‘What My Mother And I Don’t Talk About,’ edited by Michele Filgate: A Complex Bond

Michele Filgate editor What My Mother and I Don't Talk AboutIn What My Mother And I Don’t Talk About (288 pages; Simon & Schuster; edited by Michele Filgate), fifteen writers grapple with the unexpected developments and shortcomings of their relationships with their mothers. In her introduction, Filgate explains that while each individual essay is an achievement in itself, together they work to address the ways we tend to idealize our mothers, as well as reflect honestly on the imperfect relationships we forge (and sometimes end) with them over the course of our lives:

Acknowledging what we couldn’t say for so long, for whatever reason, is one way to heal our relationships with others and, perhaps most importantly, with ourselves. But doing this as a community is much easier than standing alone on a stage.

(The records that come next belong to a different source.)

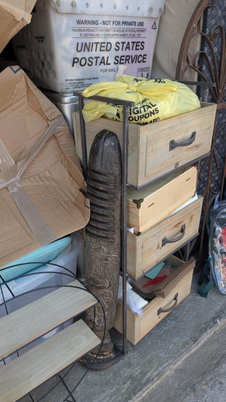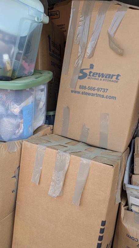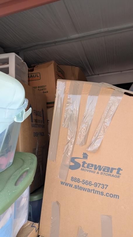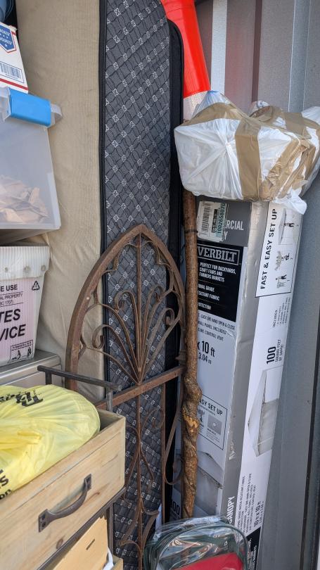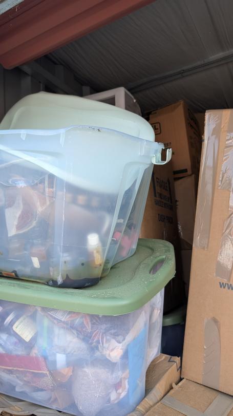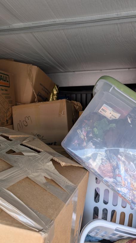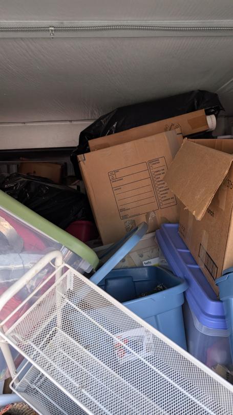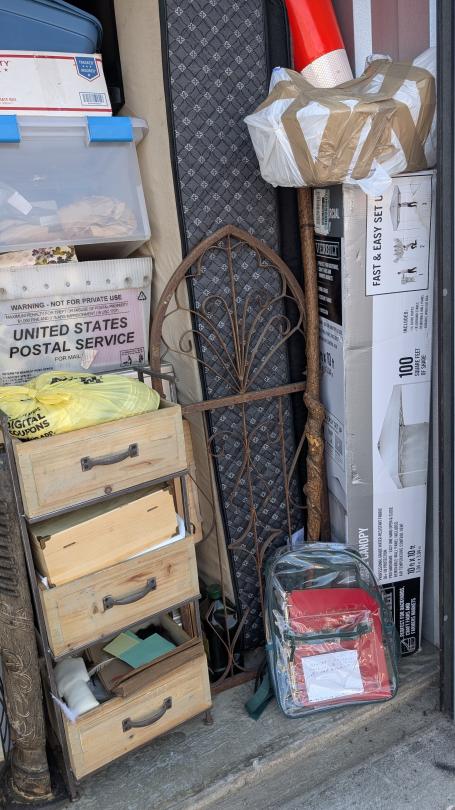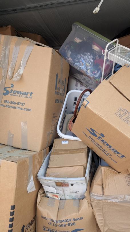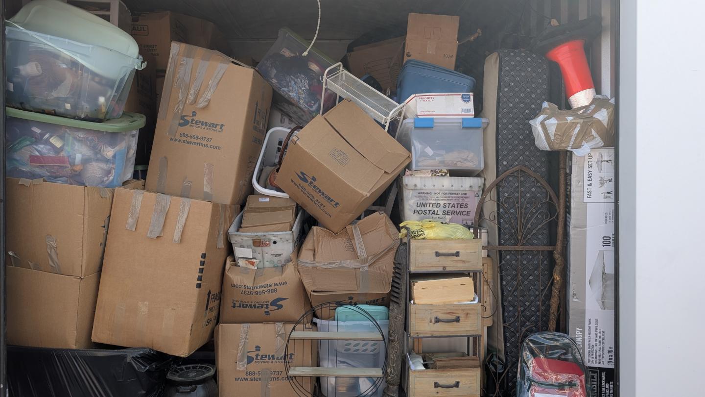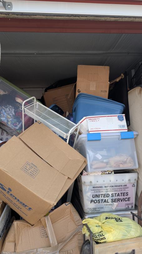 This unit appears to contain…BOXES, TOTES, MATTRESS, LAUNDRY BASKET, ETC
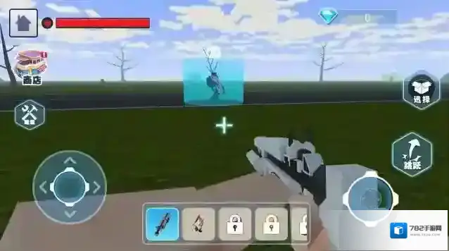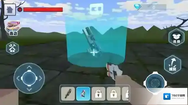 2、看到箭头指向的道具(武器箱),移动角色靠近,自动拾取新武器,切换使用,提升战斗能力。
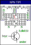 NPN tipi transistörler N, P ve N tipi yarı iletkenlerinin birleşmesinden meydana gelmiştir. Şekilde görüldüğü gibi 1 nolu kaynağın (-) kutbundaki elektronlar emiterdeki elektronları beyze doğru iter ve bu elektronların yakalaşık %1 'i beyz üzerinden 1 nolu kaynağın (+) kutbuna, geri kalanı ise kollektör üzerinden 2 nolu kaynağın (+) kutbuna doğru hareket ederler. Beyz ile emiter arasından dolaşan akım çok küçük, kollektör ile emiter arasından dolaşan akım ise büyüktür. Yan tarafta NPN tipi transistörün sembolü ve iç yapısı görülmektedir.
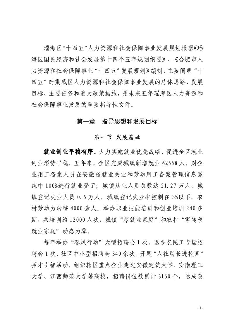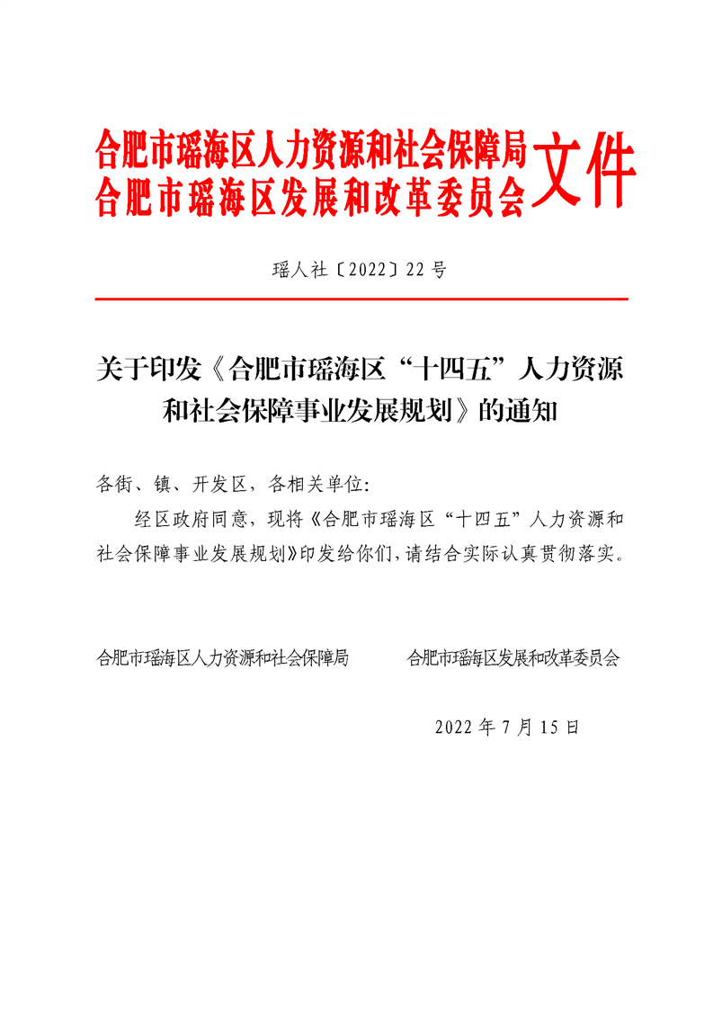 【上级文件】关于印发《合肥市瑶海区“十四五”人力资源和社会保障事业发展规划》的通知
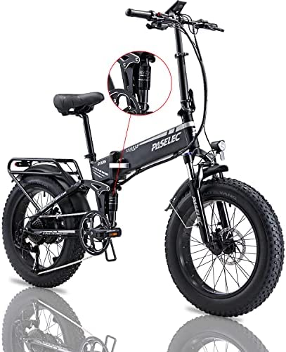 PASELEC Electric Bikes for Adults Folding Electric Bicycle 750W Motor Ebike Fat Tire Mountain e-Bike with 48V 12Ah Removable Battery, Full Suspension, 9 Gears Cycle for Men Women

The essays range in both tone and subject matter: some authors have been estranged from their mothers for years, having suffered abuse and neglect throughout their childhoods, while others are only beginning to understand their mothers as they become parents themselves or think deeply about their family dynamics. This collection engages with tough questions about holding accountable the people we’ve been taught to revere, recognizing the impression our mothers’ greatest strengths and flaws have left on us, and the importance of putting oneself first. At the center of that conversation is the difficulty all children face as they try to understand their parent as a person and not simply a mother.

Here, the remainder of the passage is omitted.